TASK
What you return must be the data below, word for word, without any images.

Stored data:

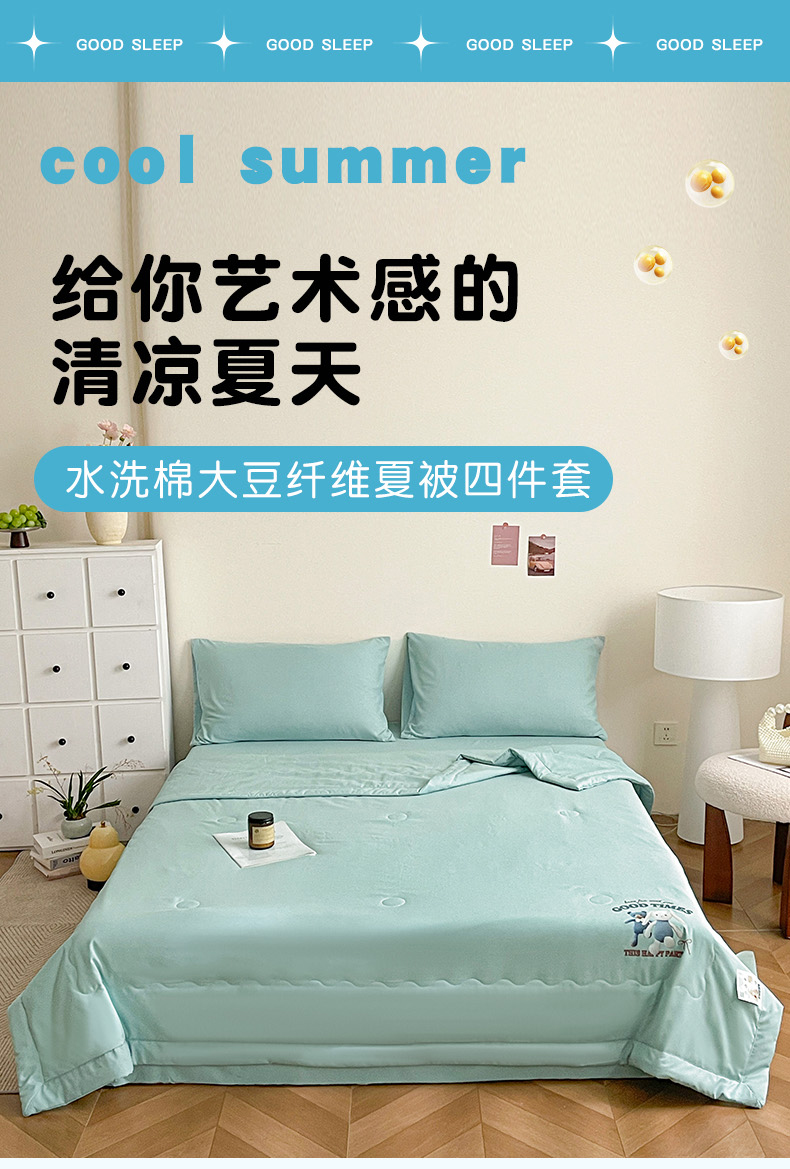 (总)易展家居 2025年新款水洗棉哪吒夏被,哪吒-奶昔白,哪吒-轻绿,哪吒-轻银粉,哪吒-轻银灰
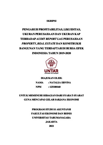 ERVINA, NATALIA (2021) PENGARUH PROFITABILITAS, LIKUIDITAS, UKURAN PERUSAHAAN DAN UKURAN KAP TERHADAP AUDIT REPORT LAG PERUSAHAAN PROPERTY, REAL ESTATE DAN KONSTRUKSI BANGUNAN YANG TERDAFTAR DI BURSA EFEK INDONESIA TAHUN 2019-2020. Skripsi thesis, Universitas Tarumanagara.
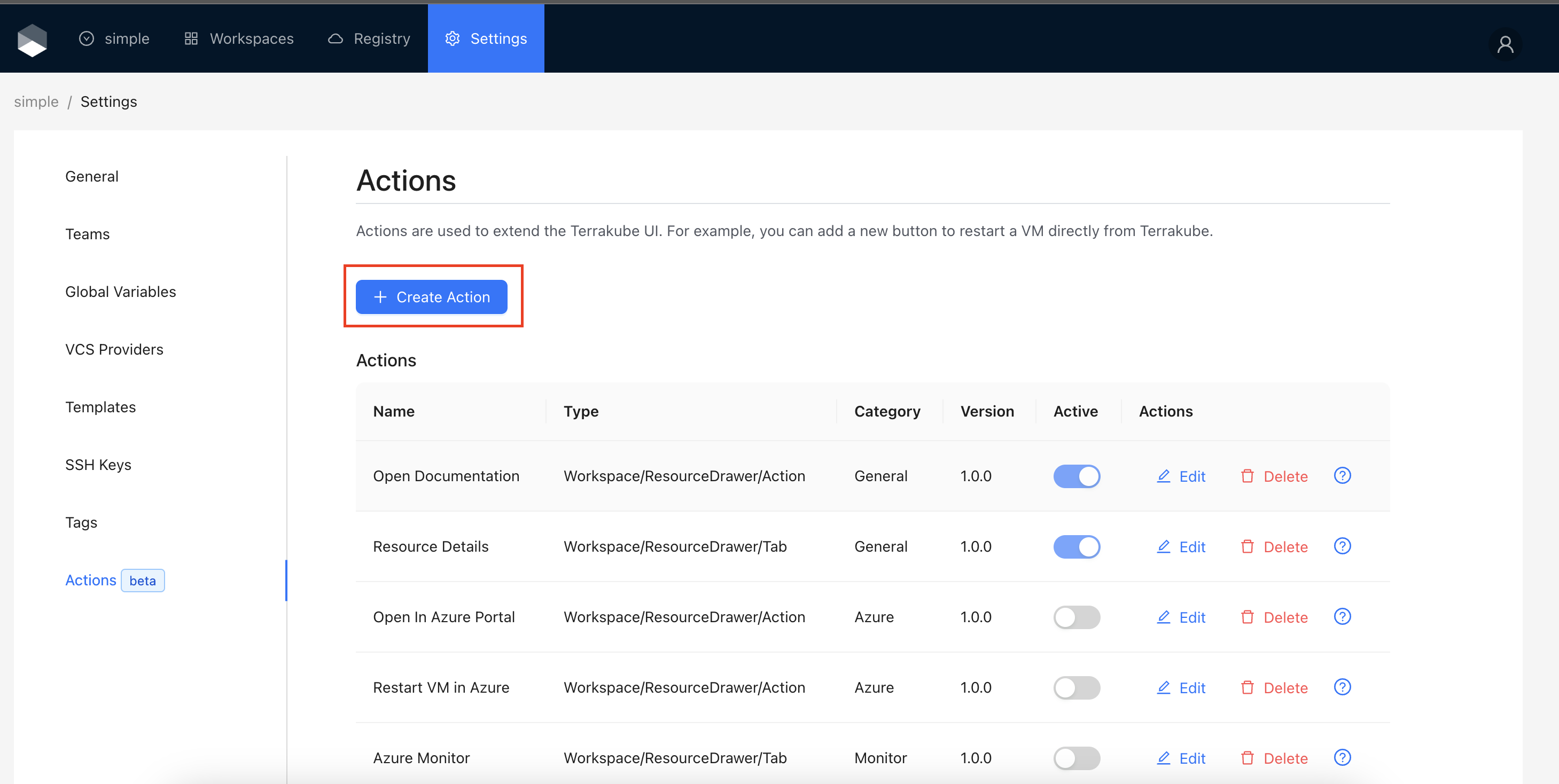 Terrakube provides several [built-in actions](https://docs.terrakube.io/user-guide/workspaces/actions/built-in-actions) that you can start using some are enabled by default. Please refer to the documentation for detailed information on each action, including usage and setup instructions.
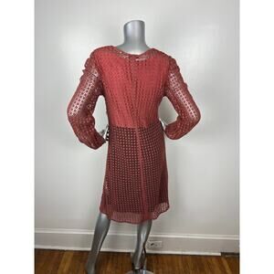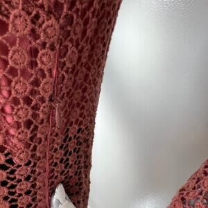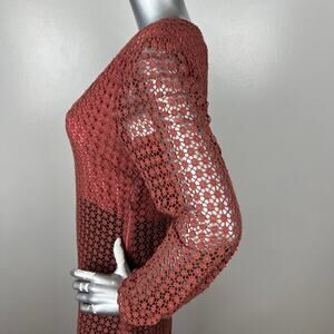 Fabulous dusty rose crocheted dress with two layers of- pink and black peeking through! Perfect with your favorite heels for a night out or vacation dinner. Size 2 is the equivalent to a US size small or 4 according to brand size chart.
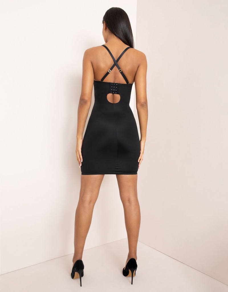 Встречайте Dion - современную классику, созданную для того, чтобы сделать ваш силуэт идеальным. Черная гладкая сорочка лаконичной формы с глубоким декольте дополнена косточками и формованными чашечками. Сочетайте с другими моделями коллекции или носите отдельно как маленькое черное платье.
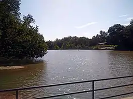 To the west and southwest of the lake are the remains of the Greenspring Branch railroad and the Northern Central Railroad, which was formerly the Baltimore and Susquehanna Railroad. The remains include the station/junction, known as the "Relay House", which burned in 1869.[11][10][notes 2]

EXERCISE RESPONSE
 (总)易展家居 2025年新款水洗棉哪吒夏被,哪吒-奶昔白,哪吒-轻绿,哪吒-轻银粉,哪吒-轻银灰
 ERVINA, NATALIA (2021) PENGARUH PROFITABILITAS, LIKUIDITAS, UKURAN PERUSAHAAN DAN UKURAN KAP TERHADAP AUDIT REPORT LAG PERUSAHAAN PROPERTY, REAL ESTATE DAN KONSTRUKSI BANGUNAN YANG TERDAFTAR DI BURSA EFEK INDONESIA TAHUN 2019-2020. Skripsi thesis, Universitas Tarumanagara.
 Terrakube provides several [built-in actions](https://docs.terrakube.io/user-guide/workspaces/actions/built-in-actions) that you can start using some are enabled by default. Please refer to the documentation for detailed information on each action, including usage and setup instructions.
 Fabulous dusty rose crocheted dress with two layers of- pink and black peeking through! Perfect with your favorite heels for a night out or vacation dinner. Size 2 is the equivalent to a US size small or 4 according to brand size chart.
 Встречайте Dion - современную классику, созданную для того, чтобы сделать ваш силуэт идеальным. Черная гладкая сорочка лаконичной формы с глубоким декольте дополнена косточками и формованными чашечками. Сочетайте с другими моделями коллекции или носите отдельно как маленькое черное платье.
 To the west and southwest of the lake are the remains of the Greenspring Branch railroad and the Northern Central Railroad, which was formerly the Baltimore and Susquehanna Railroad. The remains include the station/junction, known as the "Relay House", which burned in 1869.[11][10][notes 2]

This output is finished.